Colonel Perrin was prepared to enter into her plans, and he promised to send to Malmaison a company of grenadiers, provided she would, as soon as possible, have General Murat send him an order to that effect. Josephine at once went to one of her true, reliable friends, who belonged to the Council of the Elders, and, making him acquainted with the danger which threatened her husband, requested him to gather a few devoted friends, and to attend to the orders which Murat would send them.

After having made all these preparations, Josephine drove in full gallop toward Malmaison.

The dinner, to which Bonaparte had invited gentlemen from all classes of society, was just over, and the guests were scattered, some in the drawing-rooms, and some in the garden, where Bonaparte was walking up and down in animated conversation with the secretary, Roger Ducos.

At this moment the carriage of Josephine drove into the yard; and Murat, who, with a few gentlemen, stood under the porch, hastened to offer his hand so as to help Josephine to alight. An eye-witness who was present at this scene relates as follows:

“‘Where is the general?’ asked Josephine, hastily, of General Murat.

” I do not know,’ was the answer; ‘he is gone with Roger, but Lucien is here.’

“‘Look at once for the general!’ exclaimed Josephine, breathless, ‘I must speak to him immediately.’

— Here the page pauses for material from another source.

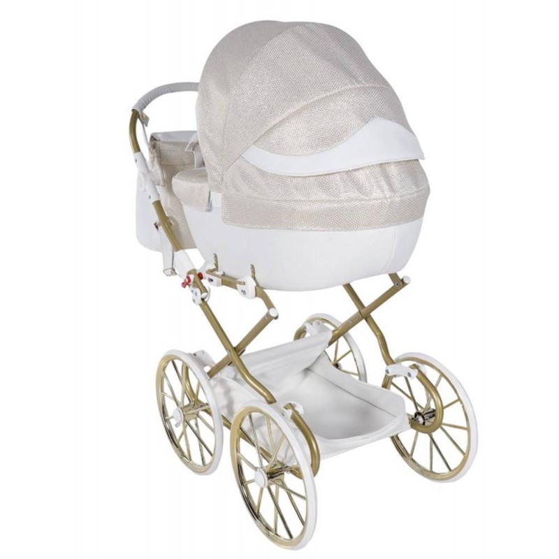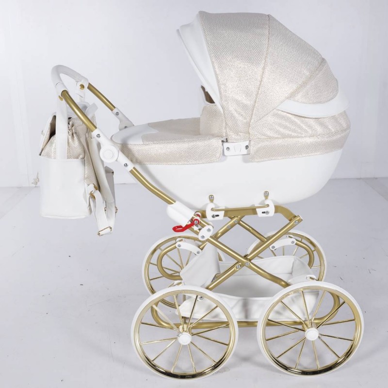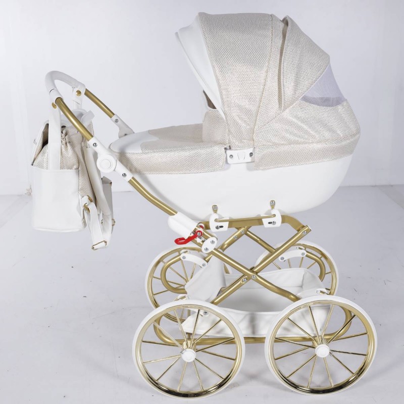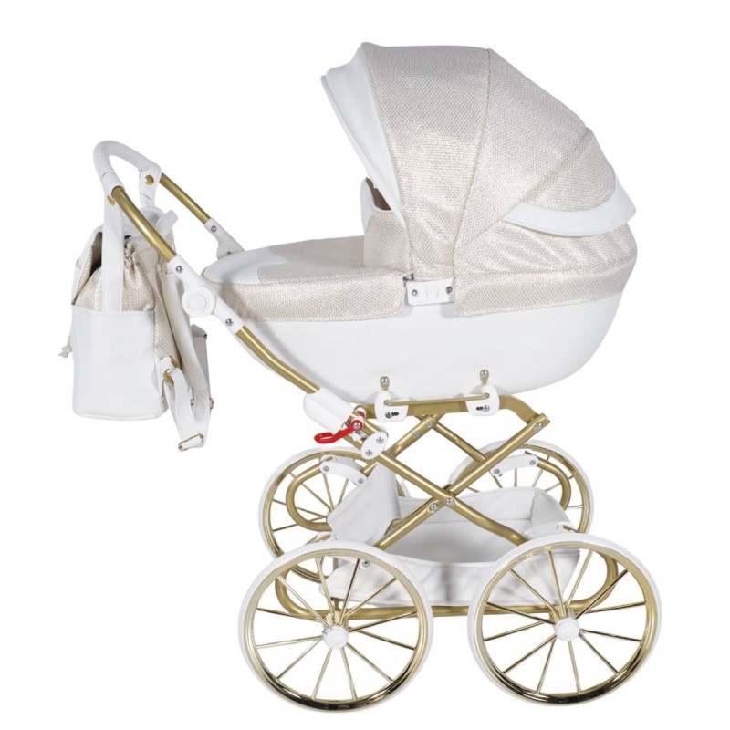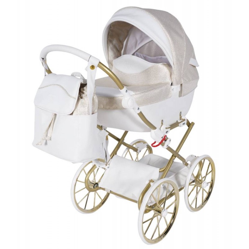 Biało-złoty wózek Junama Dolce Mini z głęboką gondolą zachwyca klasą i stylem.

“I approached her and said that he was in the garden. She ran–she flew! I placed myself at a window in the first story, from which I could easily see into the garden-walks. My expectations had not deceived me.

“No sooner did Bonaparte see Josephine approach, than he left Roger Ducos and hurried to meet her. Both then walked into a path near by. I could see them well. Josephine spoke with animation; the general walked on; now and then she held him back. At last they took the path leading to the castle. I went down to meet them on the steps near the door.

“Madame Bonaparte held her husband by the left hand. Her animated, expressive features had a bewitching pride and softness; it was a most delightful admixture of tenderness and heroism. Bonaparte looked around, pale and grave, but his eyes ever rested with pleasure on his wife. She refused to enter into the large hall, and retired to her room. Bonaparte called for Roger, and entered the saloon with him. His guests were awaiting his arrival, to take their leave. The carriages drove up, and the gentlemen left Malmaison to return to Paris. Only Lucien and Murat remained with Bonaparte; Madame Bonaparte joined them as they entered the vestibule. When she saw Murat, she exclaimed:

“‘How, general, you still here!–Do you not consider,’ continued she, turning to Bonaparte, ‘that Murat ought to be already in Paris with Perrin?–Away! quick! to horse, to the Rue Varennes, or I drive thither myself.’

“Murat laughed; but four minutes after he was riding at a gallop on the road to the city. The three others returned to their rooms. I was curious to know what was the conversation; but as I had nothing more to do in the castle, I was about leaping on my horse to ride to Paris, when I saw a detachment of infantry marching toward the castle.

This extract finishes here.